For a homework assignment, we have receive the question: Let A and B be sets and let $R \subseteq A \times B$ be a relation. The inverse relation of R is the subset $R^{-1} = \{\langle b,a \rangle : \langle a,b\rangle \in R\}$. Prove or disprove each of the following statements.
e) If $R \subseteq A\times A$, R is symmetric if and only if $R^{-1}$ is symmetric ($\forall x: \forall y: R(x,y) \rightarrow R(y,x)$)
I believe that this statement is true, as far as I understand it symmetry means that all points in a graph have two-sided arrows between them, and the inverse $R^{-1}$ of $R$ simply changes the direction of these arrows. Because they're two-sided in this case then both the relation and its inverse are symmetric. However, I'm not entirely sure how to prove this.
My first step so far is to define an arbitrary relation $R$, as well as two items in the set $A$. The next is to assume $R$ is symmetric, but I don't know exactly how to go past this point.

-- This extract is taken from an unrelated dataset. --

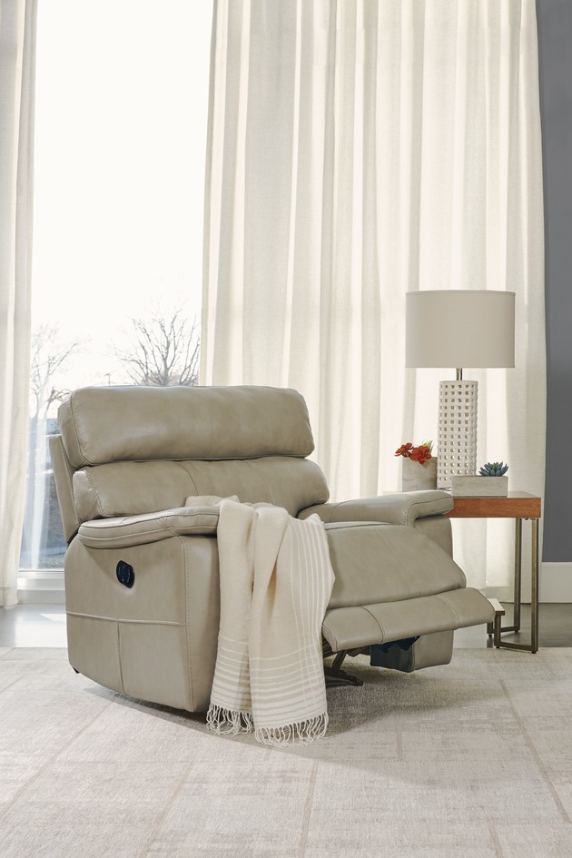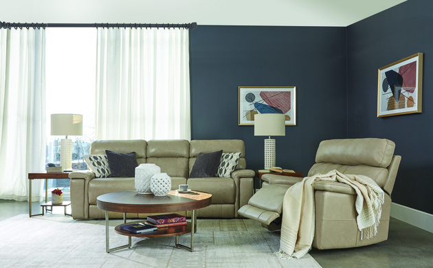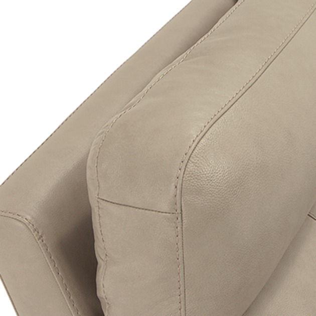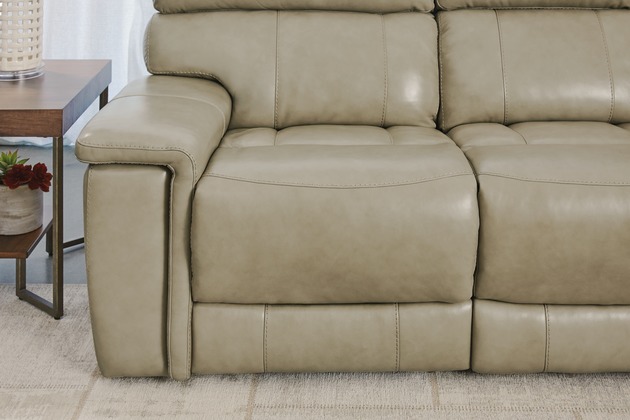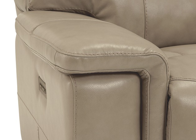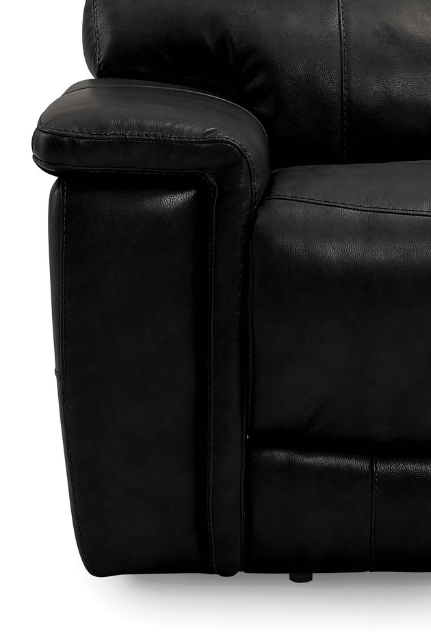 The Powell is defined by elegant transitional styling and inviting comfort. T-shaped back cushions are accented by a topstitch detail. Blown-fibre back cushions, foam seating and a pillow-top pad-over-arm will envelop you in softness. Power headrest and recline will smoothly transport you to the perfect position for relaxing after a long day, while a full pad-over-chaise footrest completely supports your legs and feet. Available in Onyx or Putty leather match upholstery and as a sofa, loveseat, recliner or console recliner, the Powell will create a strong and appealing presence in any room.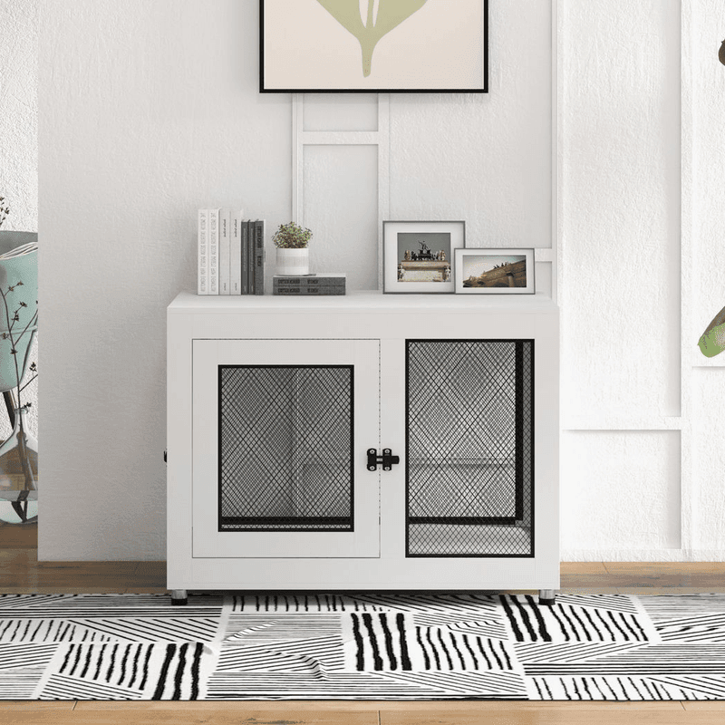 – Dimensions: 71.5H x 94W x 60Dcm. Inside cage: 63H x 90W x 57Dcm. Single door: 50.5H x 44Wcm. Cushion: 90L x 56W x 5Dcm. Leg height from the ground: 4cm. Side mesh grid: 13L x 8Wmm

One possibility I've thought of are to use the definition of symmetry, which is defined above, however it uses an implication and not an equivalence, so I wasn't sure how to use it. Any ideas of how to approach this?
Edit: This is what I've managed to come up with, I'm not sure if it's completely correct but in case others come to this page:
True: Let R be an arbitrary relation from A to A, where x and y are arbitrary items in the set A. assuming R is true only when symmetric, then $R(x,y) \leftrightarrow (R(x,y) \rightarrow R(y,x))$. Following this, we can also state that by symmetry $R(y,x) \leftrightarrow (R(y,x) \rightarrow R(x,y))$. Putting these two together gives us $R(x,y) \leftrightarrow R(y,x)$ through right separation, and this statement is equivalent to our original statement, R is only symmetric if and only if $R^{-1}$ is symmetric.